Just in time for bikini season, Marvel is releasing TWO comic titles which feature an all woman heroine cast! But because we can’t have a female hero, super or otherwise, be something other than an object for teenage boy’s and men’s entertainment or a woman in a refrigerator, both titles are sexified up!
Via SeeBelow*, first up is Models, Inc.. Let’s let Marvel themselves tell us about it:
Fashion Week is always a hectic time for models, and this year is no exception. Between escaped wolves, robbery attempts, and overly friendly police officers, Mary Jane Watson, Patsy Walker, Jill Jerold, Chili Storm and Millicent (Millie the Model) Collins are testing the limits of their endurance. But when a brilliant young set designer is found murdered with three bullet holes in his back, and Millie proves to be the prime suspect, the models are forced to play detective in order to save one of their own!
Yeah. Just what I was looking for when I wanted a strong female character driven comic. Models who fight crime. Think the description is bad, just take a look at the cover, complete with the typical crap that goes with “women’s” magazines, like how to lose fat or articles about makeup.

As a female comic fan, those covers would not make me want to read them. And while I find them insulting, it’s the second comic that makes me stabby. Meet the Marvel Divas! Because nothing says superhero like “hot sexy fun”!
“The idea behind the series was to have some sudsy fun and lift the curtain a bit and take a peep at some of our most fabulous super heroines,” says Marvel’s Roberto Aguirre-Sacasa, “In the series, they’re an unlikely foursome of friends–Black Cat, Hell Cat, Firestar, and Photon–with TWO things in common: They’re all leading double-lives and they’re all having romantic trouble. The pitch started as “Sex and the City” in the Marvel Universe, and there’s definitely that “naughty” element to it, but I also think the series is doing to a deeper place, asking question about what it means…truly means…to be a woman in an industry dominated by testosterone and guns. (And I mean both the super hero industry and the comic book industry.) But mostly it’s just a lot of hot fun.”

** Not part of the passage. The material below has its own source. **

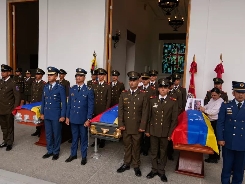 Συγγενείς με δάκρυα στα μάτια, φέρετρα καλυμμένα με σημαίες της Βενεζουέλας, ομιλίες για «το θάρρος», «την ανδρεία», την «τιμή», την «πίστη» των πεσόντων... Στεφάνια με λουλούδια και φωτογραφίες των νεκρών συνόδευαν τα φέρετρα, όπως και τιμητικά αγήματα.

Who, exactly, is this for again? There’s the implication that we get to see them naked in the shower. The “naughty element” and “hot fun”. It doesn’t sound like a comic that is geared toward a largely female readership to me. Besides, I can’t imagine that if you wanted to get into what it truly means to be a woman in a male dominated industry you’d hear them talking about their romantic lives instead of talking about the sexism, discrimination, and frustrations actual women who do work in a male dominated industry deal with every day.
As if that alone wasn’t enough, Marvel’s editor in chief Joe Quesada had this to say about the criticisms:
If you’re [a] Marvel reader and truly feel we’re sexist, then why are you reading our books? Now, perhaps you’re not a Marvel reader, then if that’s the case, I’m not quite sure what you’re criticizing if you don’t read our books?
You get that? He doesn’t think they are sexist, otherwise why is he addressing the reader as thinking that way, and even if they are, he doesn’t care. Especially if you don’t read their books, then he doesn’t want to hear your opinion. He’ll do whatever it takes to make money, even if it means insulting and alienating readers. His idea of a strong woman and feminism is someone who can kick ass while looking sexy. Because it’s all about how a woman makes herself look for the pleasure of others, not what she accomplishes or even just what she wants for herself.
It’s crap like this that drives me to read good comics that can take issues, tell good stories, and often have beautiful artwork.